Instruction Semantics

Unlike CFI directives, the semantic information directly available from core MCInst and related MC helper classes is limited. While we can access operands and determine basic properties like register reads/writes, the detailed effect of an instruction is often not readily available.

UnwindInfoChecker’s abstract execution requires more semantic information. For example, the checker has to know that on x86_64 targets a pushq instruction decreases %rsp’s value by 8, and stores the argument register in the memory location %rsp-8. But with information available in MCInst, it only knows that it’s a store and it modifies %rsp.

Open questions

  • Where should the UnwindInfoChecker reside within the LLVM project? We are considering two possible places for this library:

    • Option 1: Implement within the MC layer.
      • Benefits: Using the MC layer automatically provides the checker access for all tools and libraries. This also prevents indirect dependency problems.
      • Drawbacks: It is harder to use already existing features in other parts of the LLVM because most of the other parts are dependent on MC.
    • Option 2: Implement as a separate library.
      • Benefits: In this case, UnwindInfoChecker can have an easier time depending on other libraries like DebugInfo/DWARF and the implementation is easier.
      • Drawbacks: Any tool, such as clang or llvm-mc, and any library that wants to use the checker must depend on this new library, which may introduce new dependency problems.
  • What is the best approach for extracting and representing the CFI state from MCCFIInstruction? We have two possible approaches in mind:

    • Option 1: Convert MCCFIInstruction to CFIProgram::Instruction and leverage DebugInfo/DWARF’s UnwindTable logic.
      • Benefits: Avoids duplicating logic for processing CFI directives and maintaining state.
      • Drawbacks: Requires implementing a robust conversion layer. Heavily relies on the ongoing separation work in DebugInfo/DWARF to resolve dependency issues and potentially adapt UnwindTable’s interface for analytical use.
    • Option 2: Maintain a parallel representation (like the prototype’s CFIState) and re-implement the necessary state-tracking logic.
      • Benefits: Independent of the DebugInfo/DWARF internal representation and structure, allowing more control over the data needed for validation. Can be tailored specifically for the checker’s needs.
      • Drawbacks: Significant duplication of logic already present in DebugInfo/DWARF. Requires ongoing maintenance of the parallel implementation.
  • How can the required semantic information be extracted from MCInst? Instruction semantics is the analysis’s bottleneck.

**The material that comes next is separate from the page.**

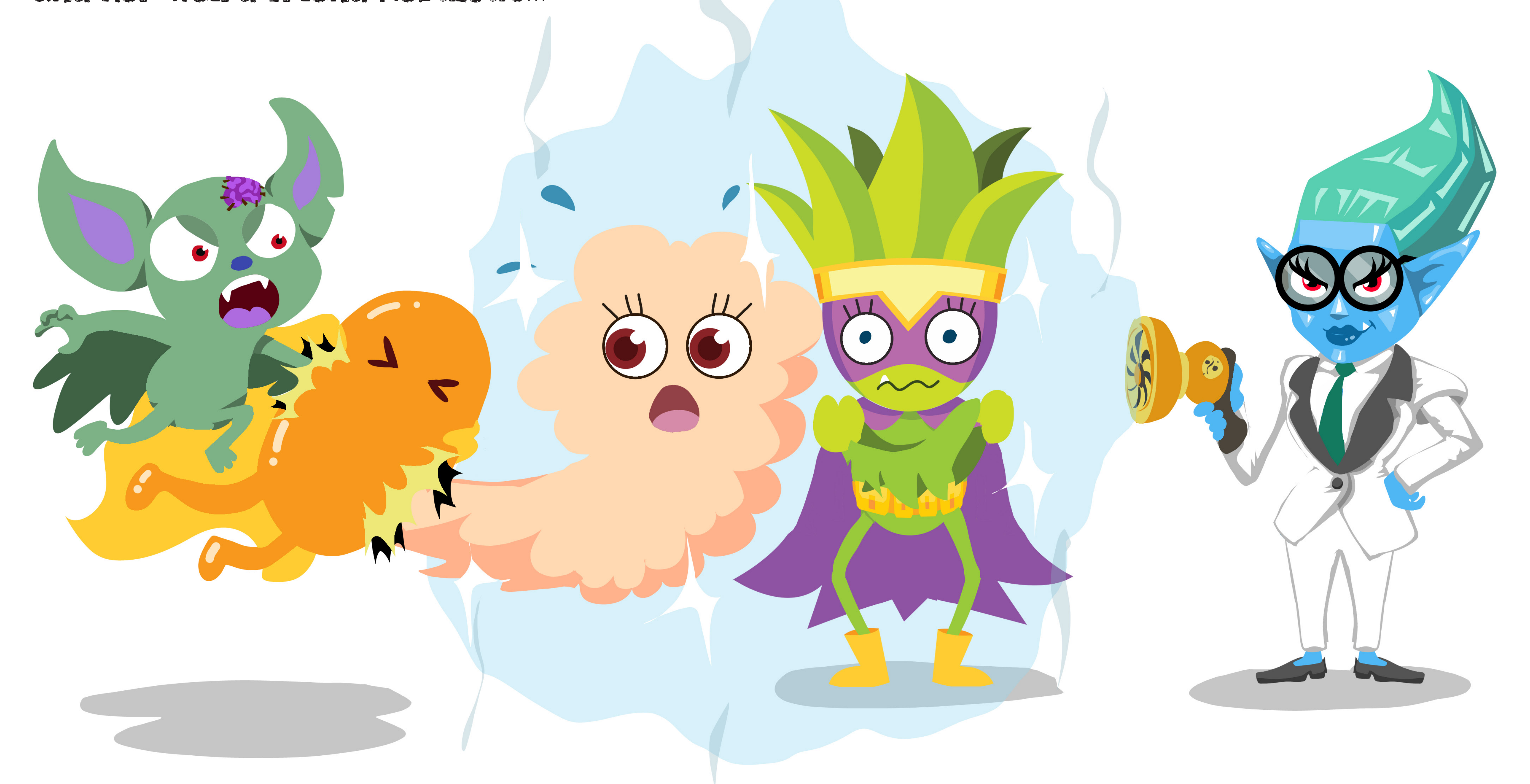
I'll get ready with a little something that I invented to put them on ice."

    • Option 1: Extend MCInstrAnalysis with functionalities currently in BOLT’s MCPlus.
      • Benefits: MCPlus already provides much of the needed semantic information and has a compatible design. Integrating it into the core MC layer (MCInstrAnalysis) makes it widely available.
      • Drawbacks: MCPlus’s current implementation is heavily focused on X86 and built with assumptions about compiler-generated code; extending it for general use across targets and potentially hand-written code might require significant effort. Requires refactoring in BOLT.
    • Option 2: Adapt LLDB’s instruction emulator or inspection engines.
      • Benefits: LLDB’s components already contain detailed semantic information about instructions across various targets. This also enables using the already implemented analysis in LLDB instead of re-implementing it.
      • Drawbacks: LLDB components are designed to operate on binary files and are not integrated with the MC layer. Enabling them to export semantic information via an MCInst-based interface would require deep structural changes and potentially contradict their design assumptions.
    • Option 3: Develop a new abstract instruction representation.
      • Benefits: Provides a clean, target-independent way to expose instruction semantics needed for analysis (e.g., pushq %reg to mem[%rsp - 8] <- %reg; %rsp <- %rsp - 8). This could enable a wide range of future MC-level analyses.
      • Drawbacks: Designing a representation broad enough for all instructions and targets is a complex, research-intensive task. Implementation would require adding a significant amount of code (possibly generated by TableGen) to cover all instructions.

Future work

CFI directive generation

We’ve discussed evolving the UnwindInfoChecker into a CFI generator for assembly code. By improving the checker to propose valid CFI state changes (derived from abstract execution) when errors are detected, the tool could assist or even automate the generation of directives. Once prologue directives establish the initial state, the validator-turned-generator could synthesize subsequent directives. This would significantly ease the burden of writing CFI for hand-written assembly, particularly for complex code or non-standard environments like OS kernels, and could aid in generating debug information for binaries lacking it.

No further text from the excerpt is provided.